- Molendy Location within Poland
- Coordinates: 51°30′38″N 21°36′17″E﻿ / ﻿51.51056°N 21.60472°E
- Country: Poland
- Voivodeship: Masovian
- Powiat: Kozienice
- Gmina: Garbatka-Letnisko
- Sołectwo: Molendy
- Established: 18th century

Government
- • Wójt: Tadeusz Molenda
- Population (2003): 225
- Time zone: UTC+1 (CET)
- • Summer (DST): UTC+2 (CEST)
- Postal code: 26-930
- Phone area code(s) (within Poland): 48 xxx xx xx
- Car plate(s): WKZ

= Molendy =

Molendy is a village in the administrative district of Gmina Garbatka-Letnisko, within Kozienice County, Masovian Voivodeship, in east-central Poland.

==History==
Village was founded at the end of the 18th century with a combination of rural Krępce and Wola Józefowska.

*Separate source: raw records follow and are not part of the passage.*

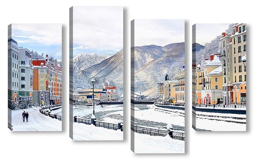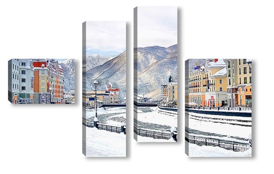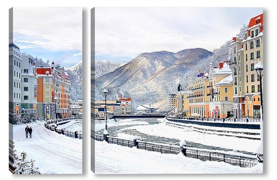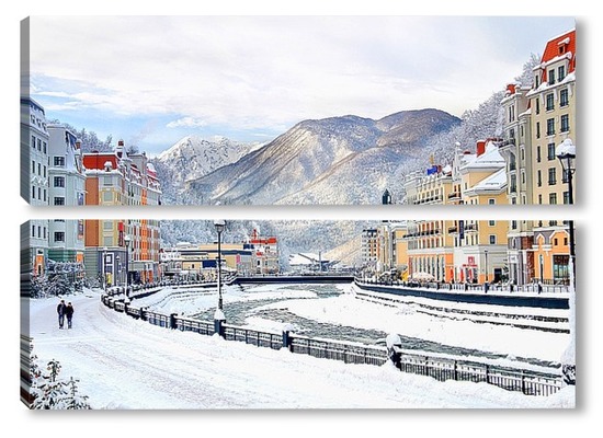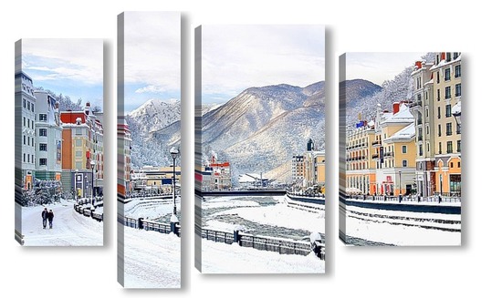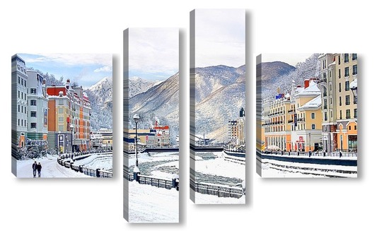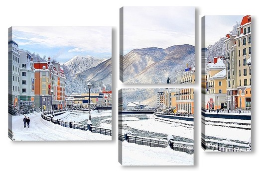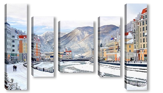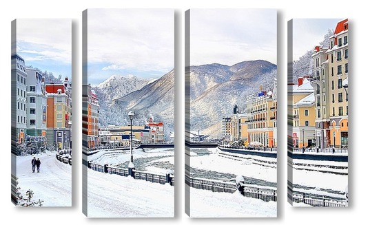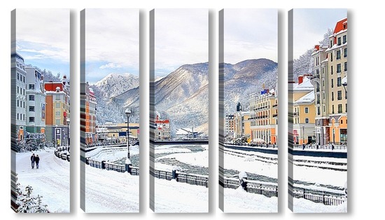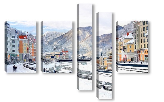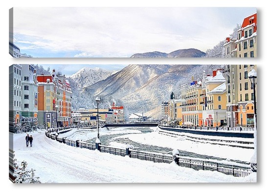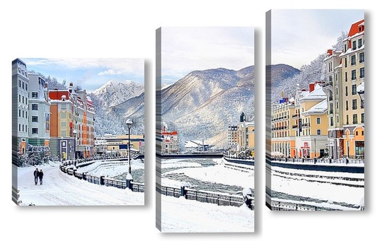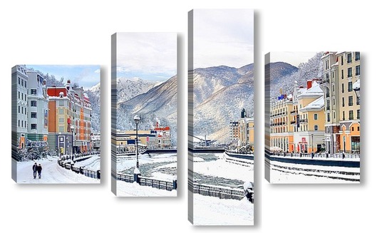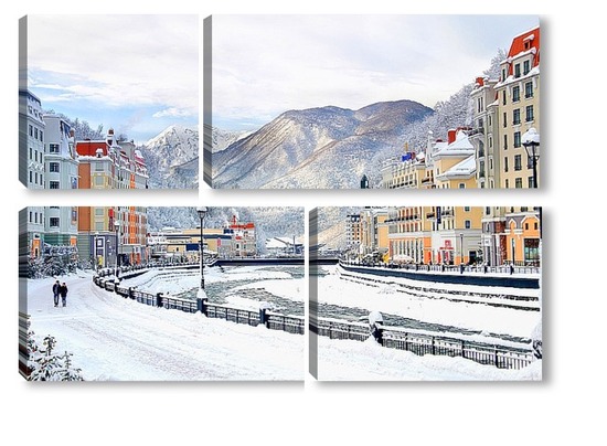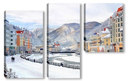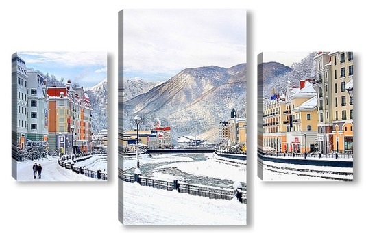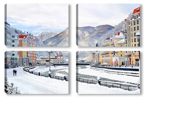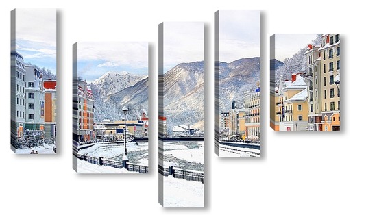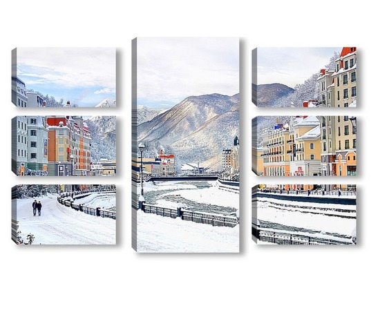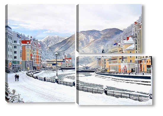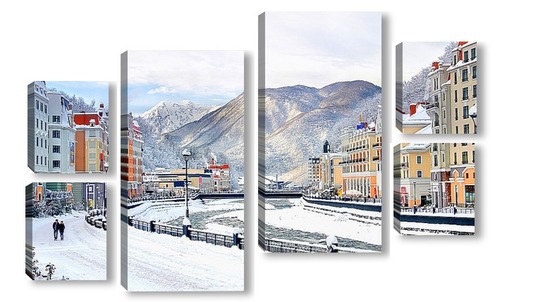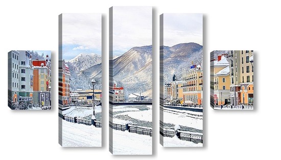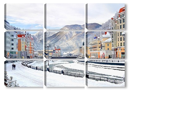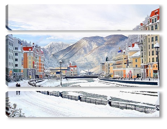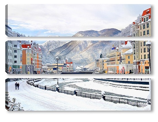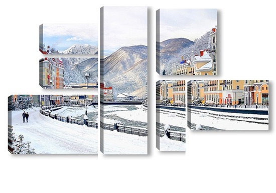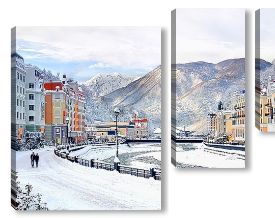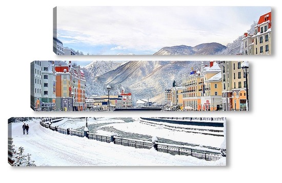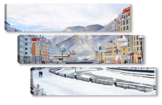Купить модульную картину Роза Хутор. Горнолыжный курорт вблизи города Сочи. Набережная зимой.
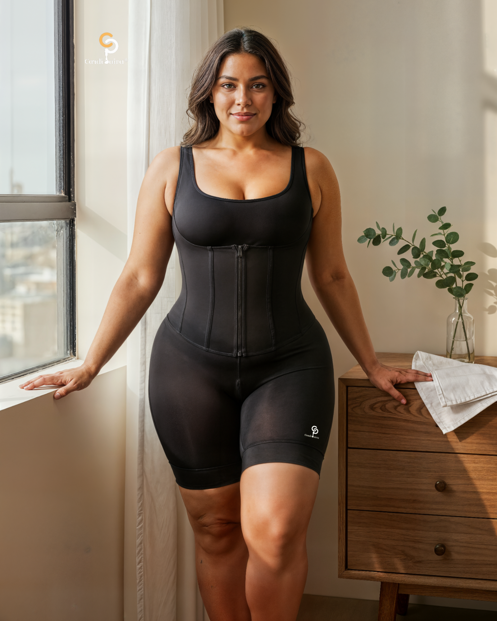Experience the ultimate shaping and support with our CardiPaiva shaper bodysuit 5 in 1 because it shapes your tummy into a flat apearence holds the tick skin on the shoulder, lift your butt, Supports yourchest and reduces the waist shape line.! Made with Spandex/Nylon and silk for a comfortable fit, it provides firm control and anti-bacterial properties for daily use. The zipper one-piece design lifts your butt and supports your chest, while being hand washable and needle-detected for quality assurance. Transform your body and the appearance of flat tummy and lift gluteo with confidence today!
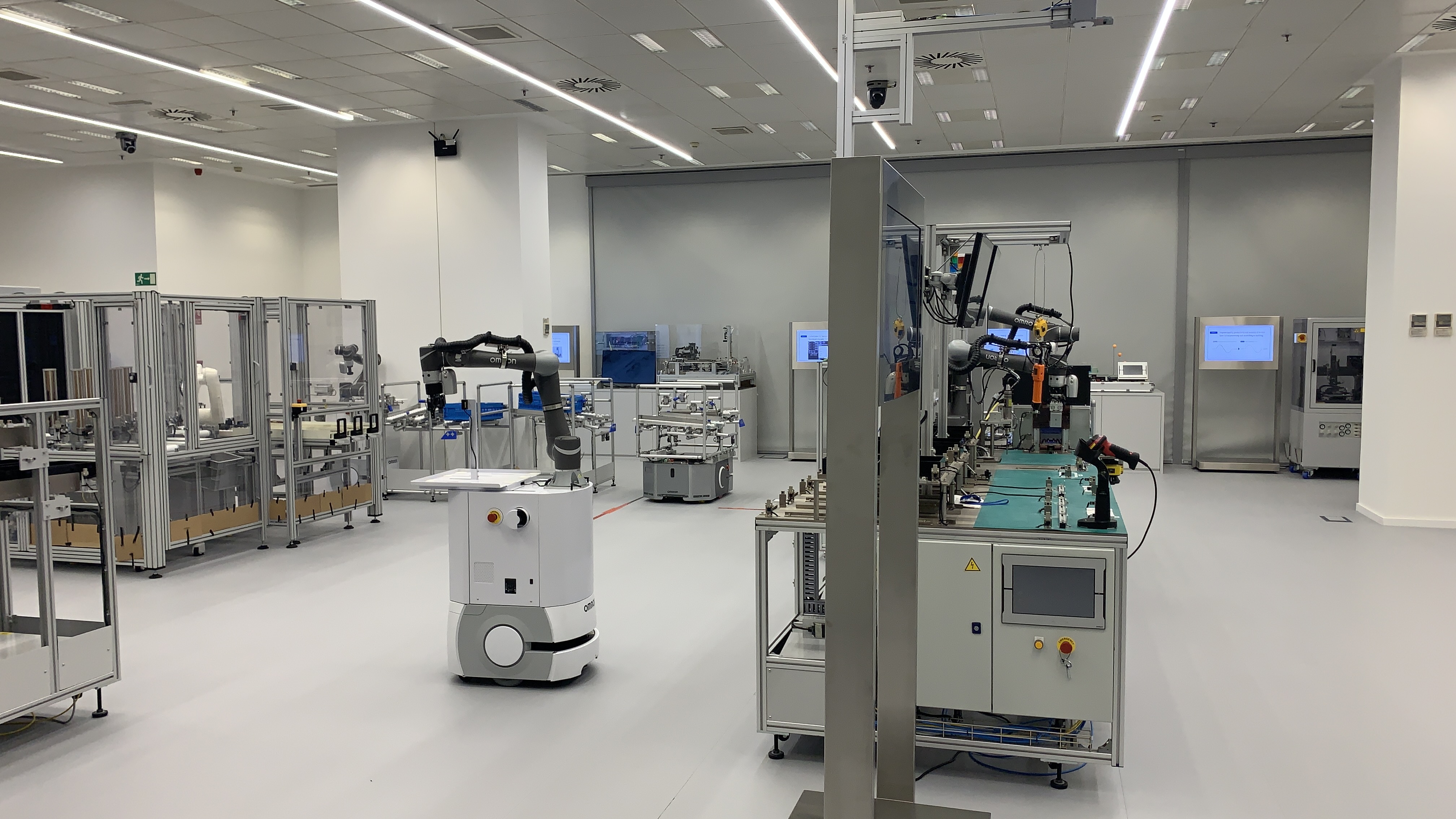 La produzione intelligente a celle mostra robot e umani che lavorano insieme in armonia, come una soluzione interattiva. I compiti e i procedimenti degli operatori sono visualizzati per permettere il miglioramento dei procedimenti autonomi e una produzione impeccabile.
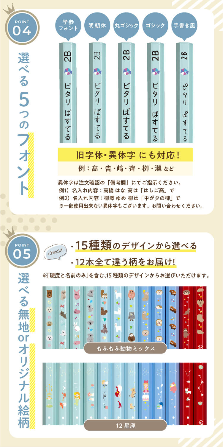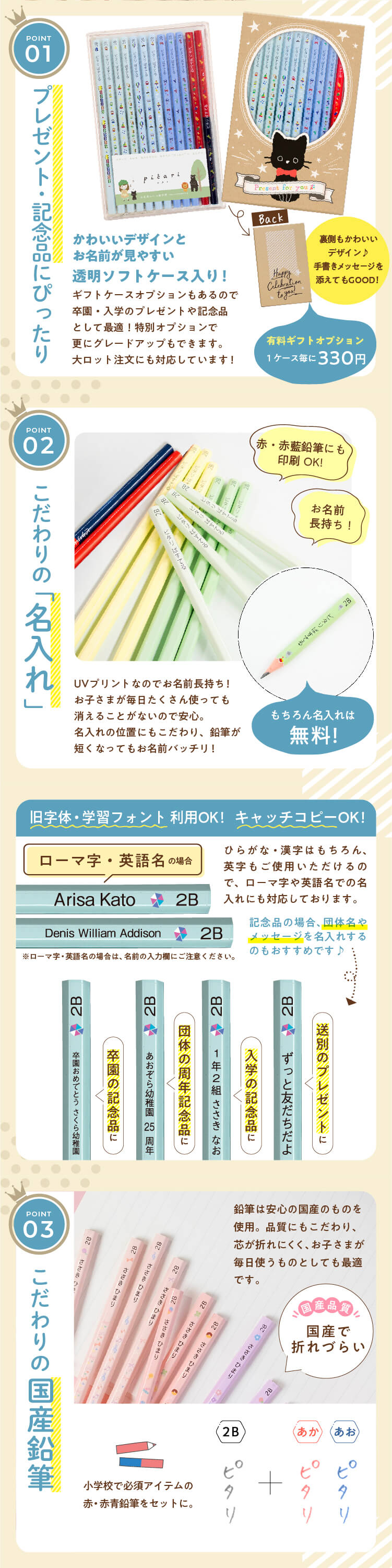 小学校で必需品の鉛筆は小さくてお名前付けが大変。お名前入りの鉛筆ならお名前が消えることもなくとっても便利です。
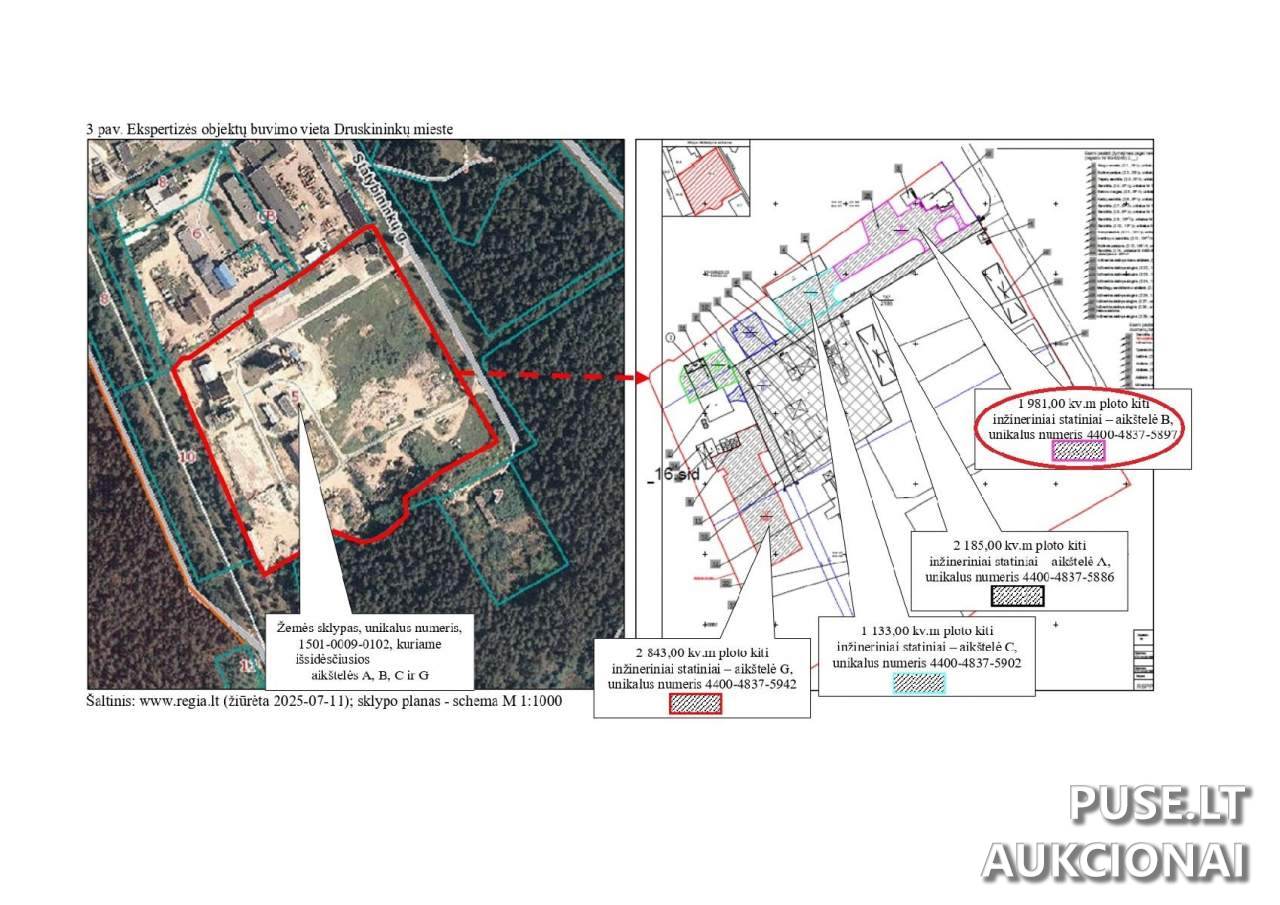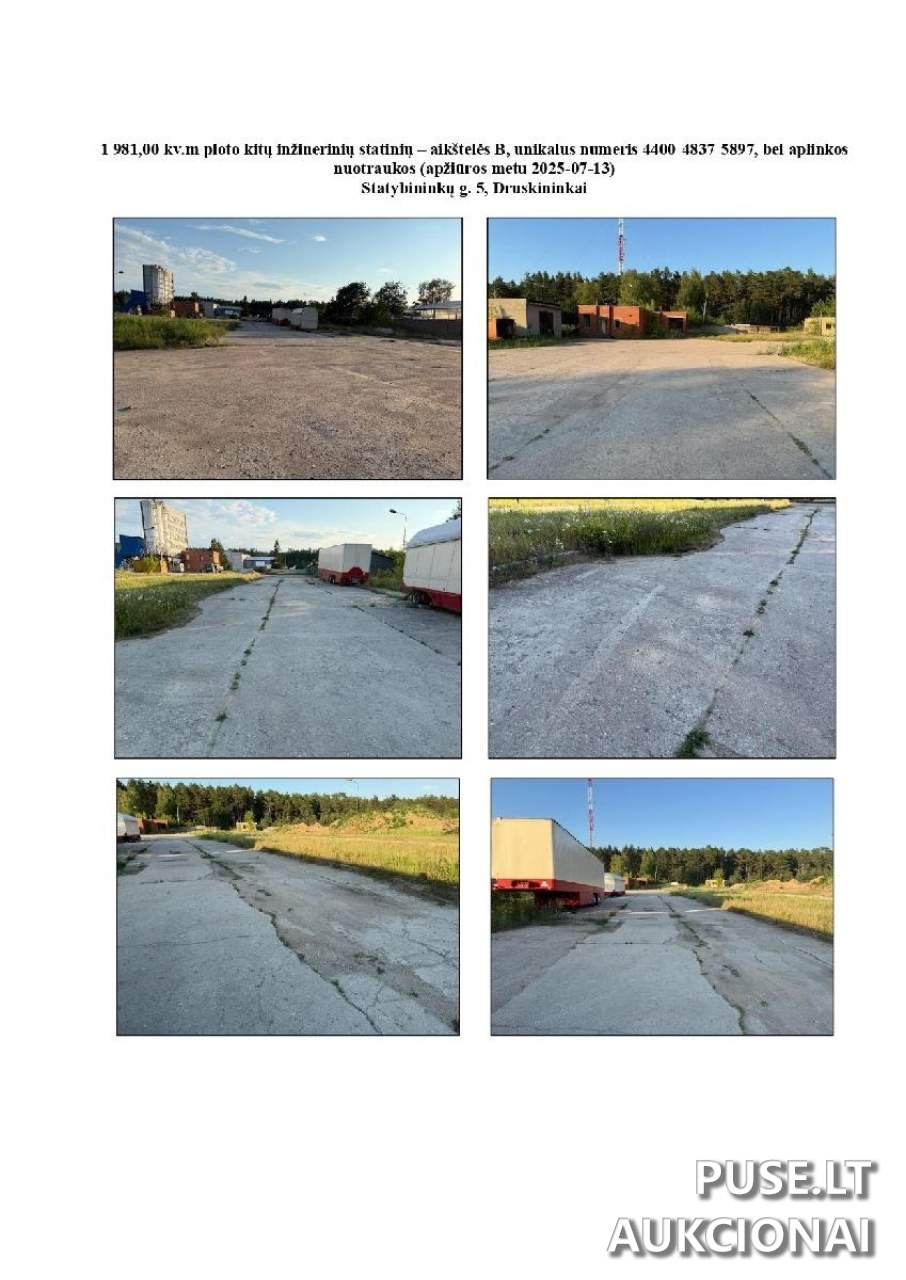 Parduodama 1/2 dalis inžinerinio statinio - asfaltuotos aikštelės B, esančios Druskininkų savivaldybėje, Statybininkų g. 5. Ši atviro tipo aikštelė yra 1981 kv. m. ploto, pastatyta 1985 metais. Tai puiki galimybė įsigyti dalį komercinės paskirties objekto Druskininkų mieste. Aikštelė yra išsidėsčiusi dideliame, 7,0072 ha ploto žemės sklype, kurio pagrindinė naudojimo paskirtis – pramonės ir sandėliavimo objektų teritorijos. Žemės sklypas nuosavybės teise priklauso Lietuvos Respublikai, o patikėjimo teisė suteikta Druskininkų savivaldybei. Pardavėjo ir žemės sklypo patikėtinio tarpusavio santykiai reguliuojami nuomos sutartimi.
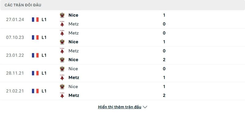 Thành tích đối đầu của Metz vs Nice
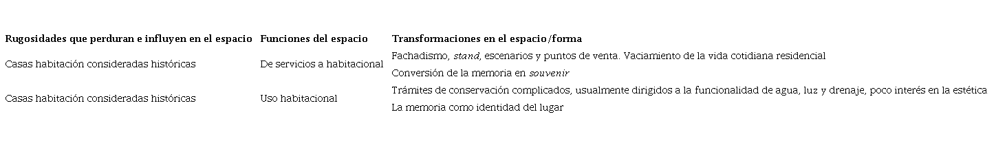 Finalmente, la Tabla 4 da cuenta de los cambios en el espacio y su funcionamiento. En ella incluimos la perspectiva de Santos (1990) sobre las rugosidades en el espacio social, misma que describe el modo en el cual las transformaciones en el uso de suelo van modificando las funciones en el espacio, lo que permite observar las consecuencias directas en el espacio construido. Así, mirar y analizar los acontecimientos a través de las rugosidades en su dimensión morfológica (espacio/forma) y socioeconómica (funciones) permite caracterizar los CH patrimonializados en sus propios términos históricos, geográficos, económicos y culturales.
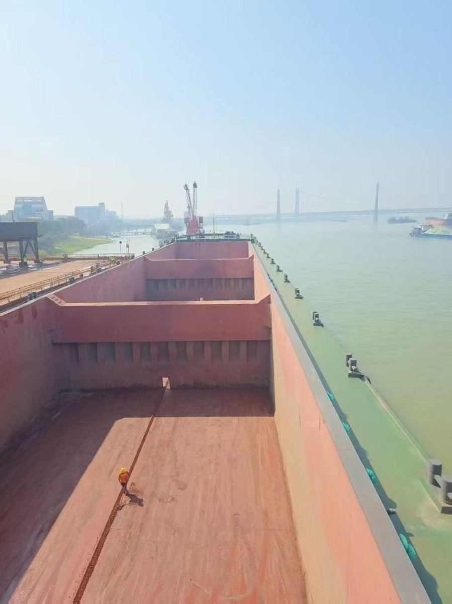 143.25x25.3x9.2=23340吨,15年12月南京造,马力6250-2(2000-2)潍柴,鹅头双满梁三楼,皖户,2024年年5月份上坡打油漆保养。报价660一吨。
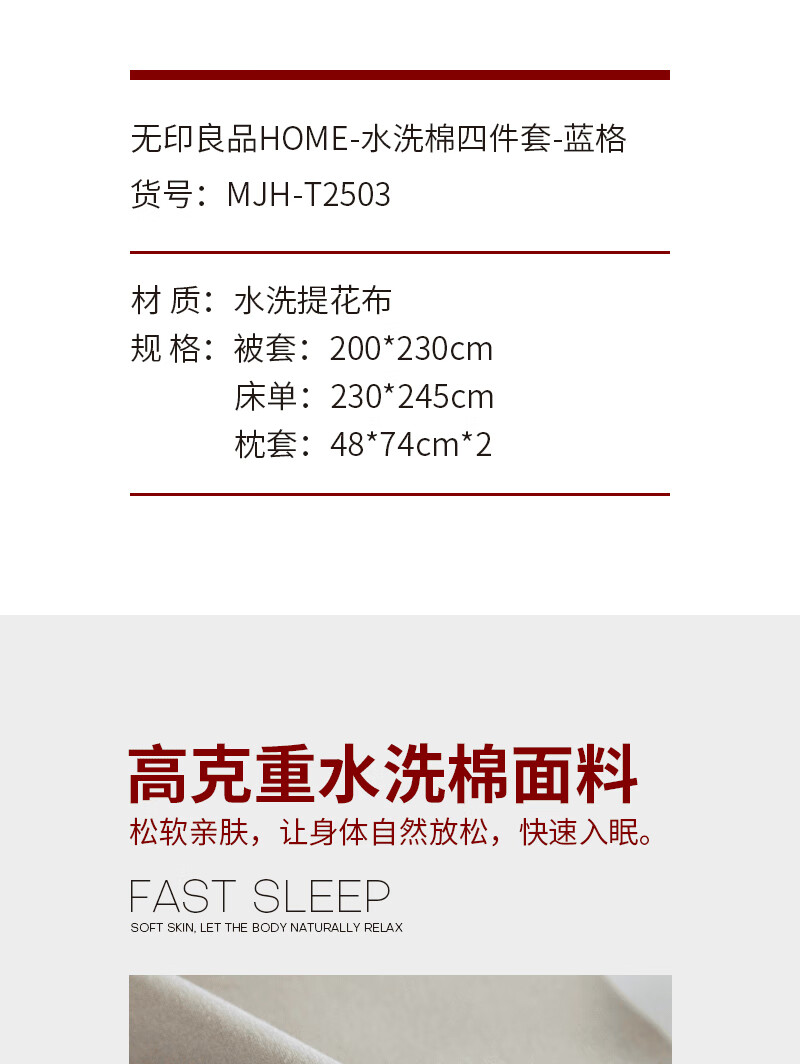 商品名称:(巨邦佑)BJ+无印良品HOME水洗棉四件套-蓝格 材质:水洗提花布(80%以上含棉量) 松软亲肤活性印染工艺
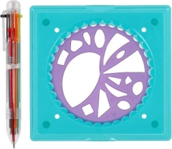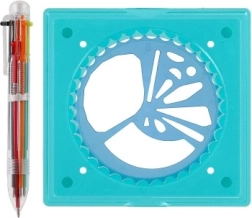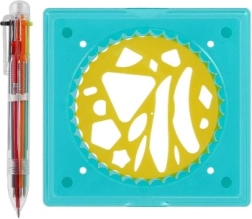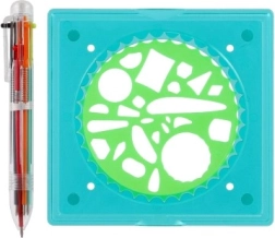 - 4 kolečka s více než 65 tvary, 1 rámeček s protiskluzovým úchopem, šestibarevné pero, kniha s předlohami

On April 7, 1944 BCH and AK troops under the command of "Thomas" and "Gryf, in a village surrounded by prevailing German forces, began fierce battle to exit the lap. It was the biggest partisan battle in the whole circumference in Kozienice County during World War II. On July 22, 1944, the Nazis murdered 10 men in the village.